淑妃瞧著皇上到了,也不管臉上和身上傷,斂了裙就“噗通”跪在了皇上面前。
“臣妾請聖金安”攥著帕子擦拭著淚花,妃靨盡染淚水,“奚衣夫人可能是受不了臣妾的管束,跟臣妾吵了幾句嘴。臣妾是個心軟的,捱打挨罰就算了。誰曾想…”哽咽著,雙眼紅腫。“奚衣竟想投湖來栽贓臣妾…”
“衣衫不整,婦容何在?荒唐!”皇上瞧了一眼地上溼漉漉剛剛被太監救起的奚衣夫人,龍顏大怒。
太醫提著藥箱匆匆而來,向帝妃請安後,跪下身為奚衣夫人把了脈,只片刻,回道:“娘娘無礙,只是落水受涼罷了。
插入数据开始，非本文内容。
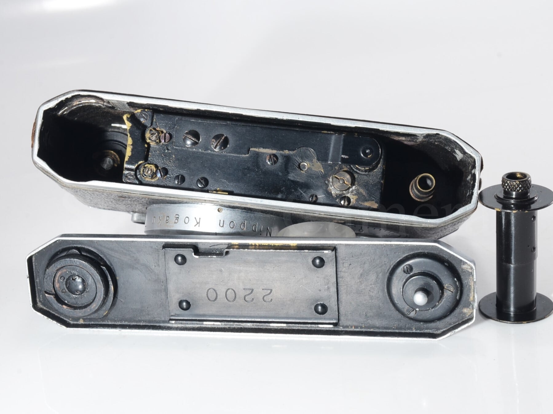 シャッターも切れ、巻き上げやカウンターなどもまだ動作しています。レンズも経年にしてはキレイだと思います。ケースも劣化はあり、恐らく前オーナーのネームの記載などもありますが、破れなども僅かで原型をしっかりとどめています。

”又看了眼旁邊的太監,想到了什麼,身子一抖,低下頭來。
“秦氏你這臉上的傷,是如何所致?”皇上讓人去尋了二件披風,給二人披上,風吹涼境,壓了壓心火。
“回您的話,奚衣錯手扇的”淑妃楚楚妙人兒,也是我見猶憐。美人骨本就孱弱,風兒輕掠更是顯得單薄的緊。“您也莫要責怪她了。是臣妾不好。”
皇上皺了眉頭,眯眼望去:“錯手扇的?上頭傷痕隻手便能傷至此?你不必幫她說話,如實道來。”問了人為何所傷,又為何會大打出手,再言之,白氏為何落水。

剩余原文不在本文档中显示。